17:41mareko: eric_engestrom: libgallium-$version.so is a linked lib now, not dlopen'd
17:42mareko: Mesa doesn't dlopen gallium drivers anymore
17:56stsquad: can the mesa intel drivers be built for non-x86 platforms? (I need to test the QEMU native context patches and wondered if cross-arch would work)
17:59eric_engestrom: mareko: ack, thanks!
18:40dj-death: stsquad: seems to build fine on a M1
20:20stsquad: dj-death: excellent.. just need to tweak my buildroot test image build
20:37eric_engestrom: dj-death: last I heard, i915 doesn't build on aarch64 (because libdrm_intel doesn't build); has that been fixed?
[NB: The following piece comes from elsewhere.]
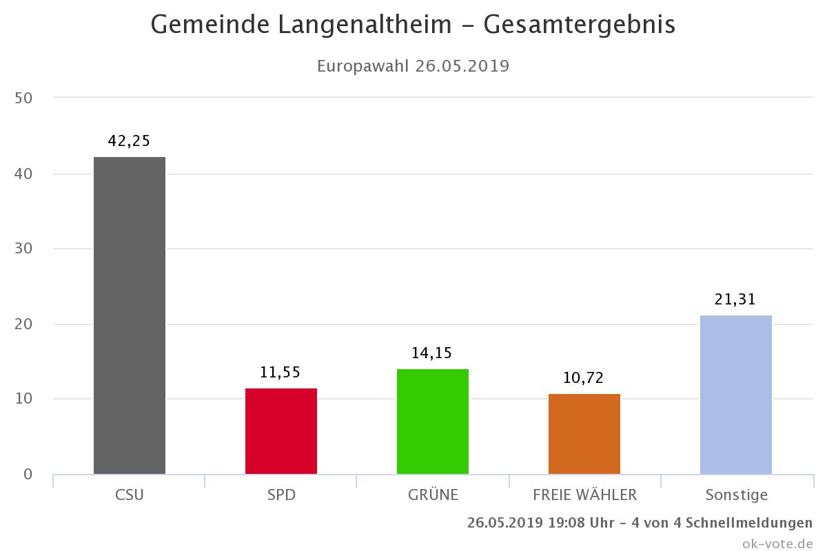 26 Mai Vorläufiges Wahlergebniss der Gemeinde Langenaltheim, zur Europawahl. Bernd Posch 26. Mai 2019 um 20:26 2641 0 Kommentare 1 Die Vorläufigen Ergebnisse zur Europawahl 2019 (Stand: 26.05.2019 - 20:30 Uhr ) …

20:37eric_engestrom: but crocus and iris build fine
21:46kismetrealm: so what we have is a tree of index+const to derive other specifiers. for an example the algorithm goes like this: 883 is 115+768, index component is just contiguous where as data powers are in fact taken more carefully to reflect certain none colliding minified powers to perform calculus. But the other things first. The modulation of 883 is 443+440 as told, where the first term goes as
21:46kismetrealm: base of 256 +value of 72 index of 115 and second term as base of 256 + length/distance of 69 + index of 256, now final term being valuedelta 141 which comes as 1024-883 and indexdelta coming as 1024-883-115=26, now the last calculus is also hashsum capable i call them sumvector capable but more on this later. Now very important construct is 397 inverse index. Now we start to
21:46kismetrealm: separate/synthesize the value: 883-397-141-16-320=9 (notice the cross referencing) now 141 aka 69+72+397+397+397+397-883-883=-37 so 883+883-69-72-397-397-397-397=37 so 9 added to it is 46 so we add 26 and the result comes back as 72. Now this algorithm is the last in place version, considered slightly superior than the last i offered, since now all you maintain is a tree of index+const
21:46kismetrealm: or twice inverse index+index aka, 397+397+115-26 is also 883. Now we demonstrate/show as to how we do sumvector calculations on getting the ideltas. And the relevant arithmetics is here: 894.00+883+888+120−115−126=2544 2560-2544=16 894.00+883+888+115−126−120=2534 2560-2534=26 894.00+883+888+126−115−120=2556 2560-2556=4 , where we added one more subterm to hashsum 894 is
21:46kismetrealm: 126+72+256+57+126+256=894 also coming as said before as 126+386+386-4. So that's all folks today the in place versions work great , and filesystem is possible to be built. Last real algorithm was not in place and was spread to the world by me as nickname boratfromkz 2024-11-11 17:33 on #dri-devel i.e same channel. Have fun.